Records excerpted from a collection:

________________

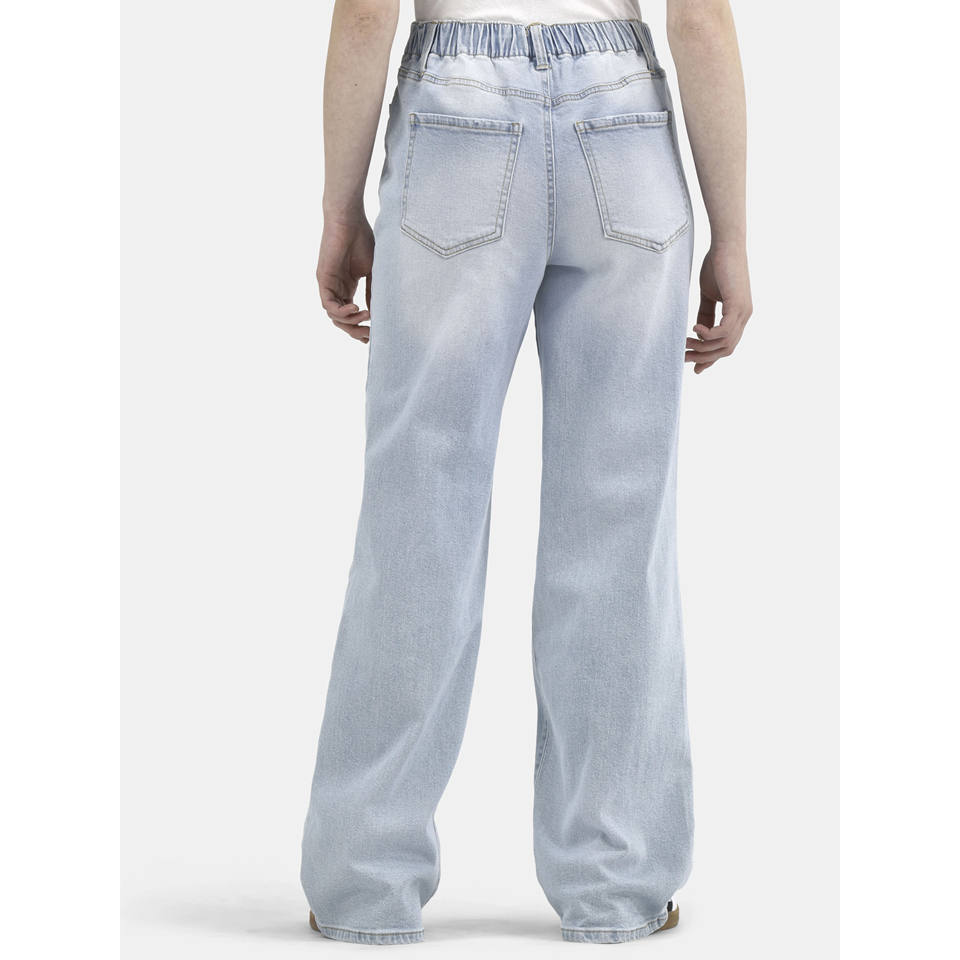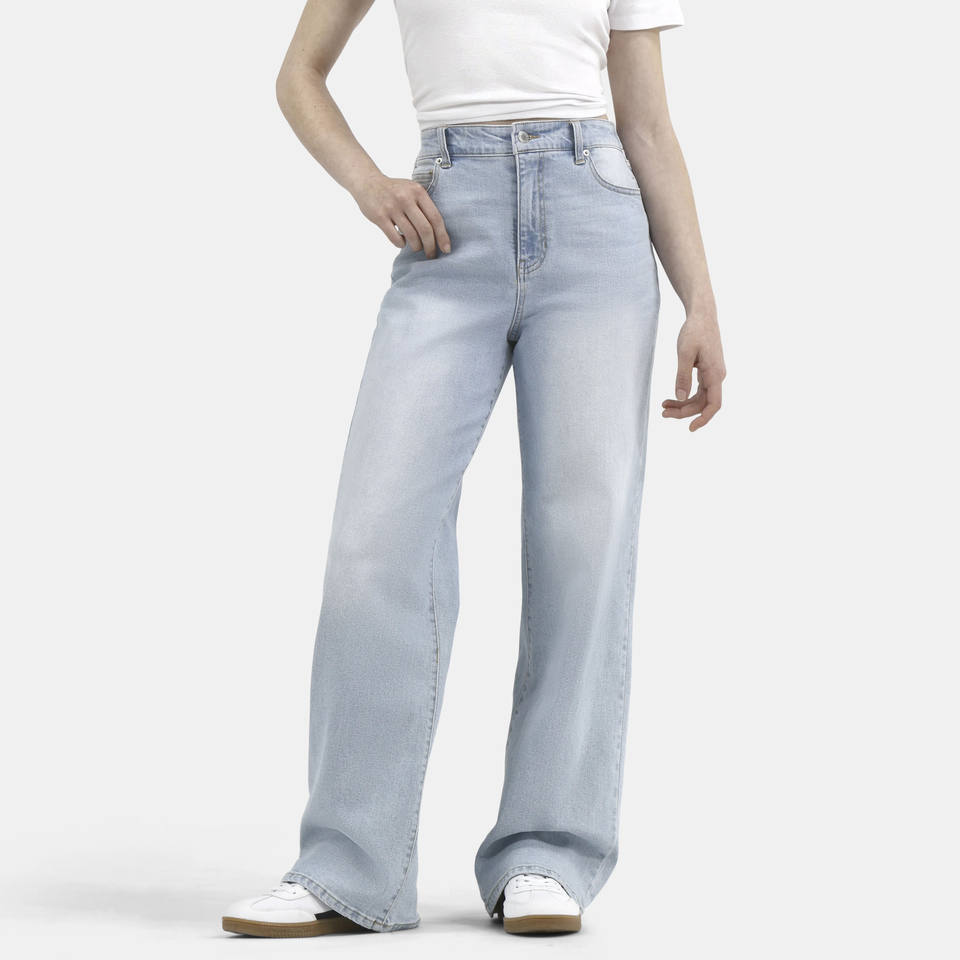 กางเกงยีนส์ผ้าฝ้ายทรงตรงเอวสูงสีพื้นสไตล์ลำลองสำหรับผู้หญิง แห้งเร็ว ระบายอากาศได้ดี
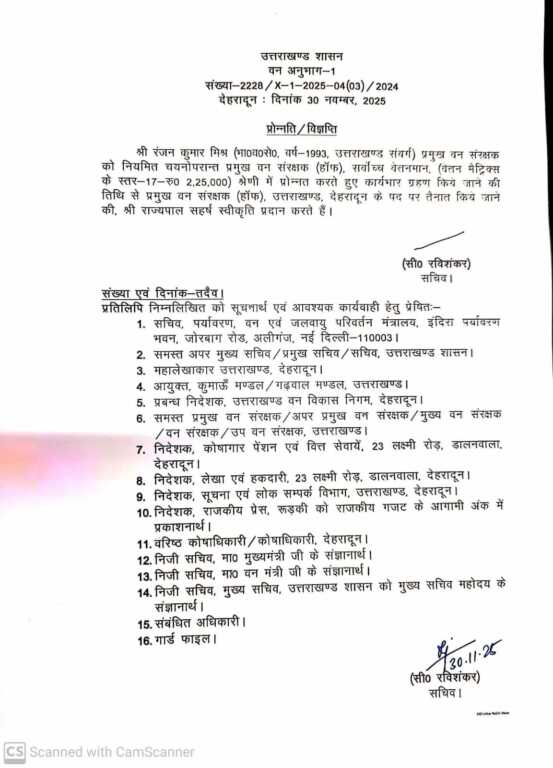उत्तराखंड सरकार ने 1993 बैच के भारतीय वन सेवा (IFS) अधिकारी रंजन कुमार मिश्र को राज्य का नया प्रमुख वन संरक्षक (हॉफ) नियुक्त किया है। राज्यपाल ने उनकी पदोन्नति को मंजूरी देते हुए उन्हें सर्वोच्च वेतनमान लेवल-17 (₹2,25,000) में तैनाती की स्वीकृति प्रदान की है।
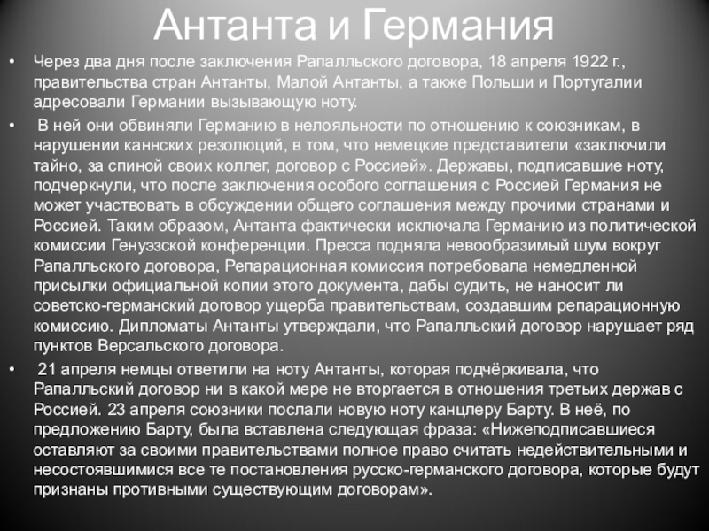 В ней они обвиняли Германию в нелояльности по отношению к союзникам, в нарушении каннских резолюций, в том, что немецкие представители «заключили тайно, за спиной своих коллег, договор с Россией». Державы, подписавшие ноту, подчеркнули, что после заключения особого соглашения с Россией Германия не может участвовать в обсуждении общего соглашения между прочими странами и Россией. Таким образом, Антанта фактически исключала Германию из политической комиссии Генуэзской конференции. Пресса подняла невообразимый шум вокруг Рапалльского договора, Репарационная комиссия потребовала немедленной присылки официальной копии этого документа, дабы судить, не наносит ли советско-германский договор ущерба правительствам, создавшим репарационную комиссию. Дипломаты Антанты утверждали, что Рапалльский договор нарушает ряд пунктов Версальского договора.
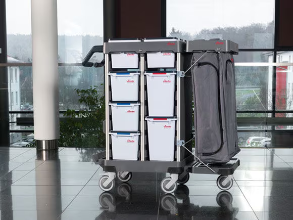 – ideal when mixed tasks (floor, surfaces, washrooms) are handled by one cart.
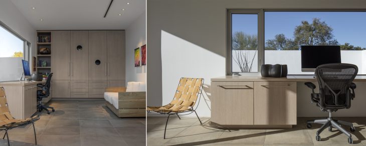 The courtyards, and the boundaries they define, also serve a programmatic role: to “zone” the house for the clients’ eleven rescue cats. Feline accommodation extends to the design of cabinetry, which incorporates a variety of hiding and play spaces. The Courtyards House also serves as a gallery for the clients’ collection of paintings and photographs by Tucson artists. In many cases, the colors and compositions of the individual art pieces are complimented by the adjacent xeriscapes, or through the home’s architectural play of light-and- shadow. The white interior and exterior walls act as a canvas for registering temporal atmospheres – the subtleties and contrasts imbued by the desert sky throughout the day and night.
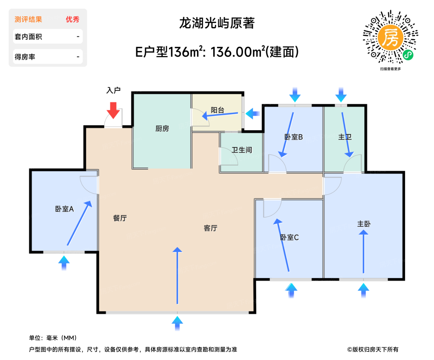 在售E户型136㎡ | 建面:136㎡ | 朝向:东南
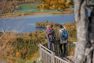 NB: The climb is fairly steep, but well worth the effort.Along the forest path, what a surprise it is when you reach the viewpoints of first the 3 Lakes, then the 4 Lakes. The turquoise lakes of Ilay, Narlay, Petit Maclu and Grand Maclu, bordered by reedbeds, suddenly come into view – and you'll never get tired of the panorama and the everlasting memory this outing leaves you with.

________________

#### Work task:
Leave out the pictures and set down all of the data exactly.

#### Exercise answer:
 กางเกงยีนส์ผ้าฝ้ายทรงตรงเอวสูงสีพื้นสไตล์ลำลองสำหรับผู้หญิง แห้งเร็ว ระบายอากาศได้ดี
उत्तराखंड सरकार ने 1993 बैच के भारतीय वन सेवा (IFS) अधिकारी रंजन कुमार मिश्र को राज्य का नया प्रमुख वन संरक्षक (हॉफ) नियुक्त किया है। राज्यपाल ने उनकी पदोन्नति को मंजूरी देते हुए उन्हें सर्वोच्च वेतनमान लेवल-17 (₹2,25,000) में तैनाती की स्वीकृति प्रदान की है।
 В ней они обвиняли Германию в нелояльности по отношению к союзникам, в нарушении каннских резолюций, в том, что немецкие представители «заключили тайно, за спиной своих коллег, договор с Россией». Державы, подписавшие ноту, подчеркнули, что после заключения особого соглашения с Россией Германия не может участвовать в обсуждении общего соглашения между прочими странами и Россией. Таким образом, Антанта фактически исключала Германию из политической комиссии Генуэзской конференции. Пресса подняла невообразимый шум вокруг Рапалльского договора, Репарационная комиссия потребовала немедленной присылки официальной копии этого документа, дабы судить, не наносит ли советско-германский договор ущерба правительствам, создавшим репарационную комиссию. Дипломаты Антанты утверждали, что Рапалльский договор нарушает ряд пунктов Версальского договора.
 – ideal when mixed tasks (floor, surfaces, washrooms) are handled by one cart.
 The courtyards, and the boundaries they define, also serve a programmatic role: to “zone” the house for the clients’ eleven rescue cats. Feline accommodation extends to the design of cabinetry, which incorporates a variety of hiding and play spaces. The Courtyards House also serves as a gallery for the clients’ collection of paintings and photographs by Tucson artists. In many cases, the colors and compositions of the individual art pieces are complimented by the adjacent xeriscapes, or through the home’s architectural play of light-and- shadow. The white interior and exterior walls act as a canvas for registering temporal atmospheres – the subtleties and contrasts imbued by the desert sky throughout the day and night.
 在售E户型136㎡ | 建面:136㎡ | 朝向:东南
 NB: The climb is fairly steep, but well worth the effort.Along the forest path, what a surprise it is when you reach the viewpoints of first the 3 Lakes, then the 4 Lakes. The turquoise lakes of Ilay, Narlay, Petit Maclu and Grand Maclu, bordered by reedbeds, suddenly come into view – and you'll never get tired of the panorama and the everlasting memory this outing leaves you with.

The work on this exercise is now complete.